Dragon Boating Is Colorful Ceremony
Festive and commemorative races are held throughout the world traditionally to celebrate the death of Qu Yuan, in China over 2000 years ago. Legend has it that upon hearing of his death in a river, people rushed to water, beat on drums and splashed the water with paddles to keep fish from the area. The origins of dragon boating are credited to this action and in the 1980s have grown as a competitive sport in the United States.
In dragon boating, long slender boats are rowed with a crew of typically 20, with two more crewmembers on who beats a cadence with a drum and the other who steers the boat as it moves through the water. Although, there are smaller boats with a crew of 10 oarsmen along with one steering and a drummer as well as much larger boats with crews of up to 50. On the larger boats, the drummer is usually located in the center of the boat.

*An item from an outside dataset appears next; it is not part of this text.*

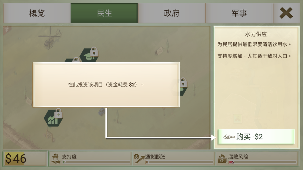 与前作《瘟疫公司》一样,《反叛公司》也是一款模拟休闲类游戏。但我们这次并不是要培养一个能够大杀四方最后消灭全人类的病毒,而是要通过对于“民生、政府、军事”这三方面的均衡发展来为人民带来和平安康。

Dragon boating festivals are typically huge events with boats decorated as dragons with colorful paper or cloth and races are held among different teams. While the drummer pounds out a cadence, the people rowing the oars do not necessarily listen to the drum beat to establish a rowing rhythm due to the beat coming from adjacent boats. During dragon boating races, crews typically row in rhythm with the person immediately in front of them.
Synchronized Rowing Wins Races
Synchronized dragon boating must be achieved to have the oars moving through the water at the same time, otherwise the oars may hit the water a split second after the one in front, which creates the caterpillar affect that makes the movement of the boat resemble the movement of a multi-legged caterpillar. When all paddles enter and are pulled through the water in perfect harmony, the boat glides over the surface with seemingly little resistance.
Over the past 25 years, especially since the establishment of the International Dragon Boat Association, the sport of dragon boating has gained in popularity around the world with events held in numerous countries. With China having the longest history of dragon boating, participants there number over 50 million. Canada currently holds three of the biggest dragon boating races in the world outside of China.
Original dragon boating was accomplished by lashing three logs together, similar to a raft, and hollowing them out and raced using oars. Today's boats are usually made of mahogany or teak wood.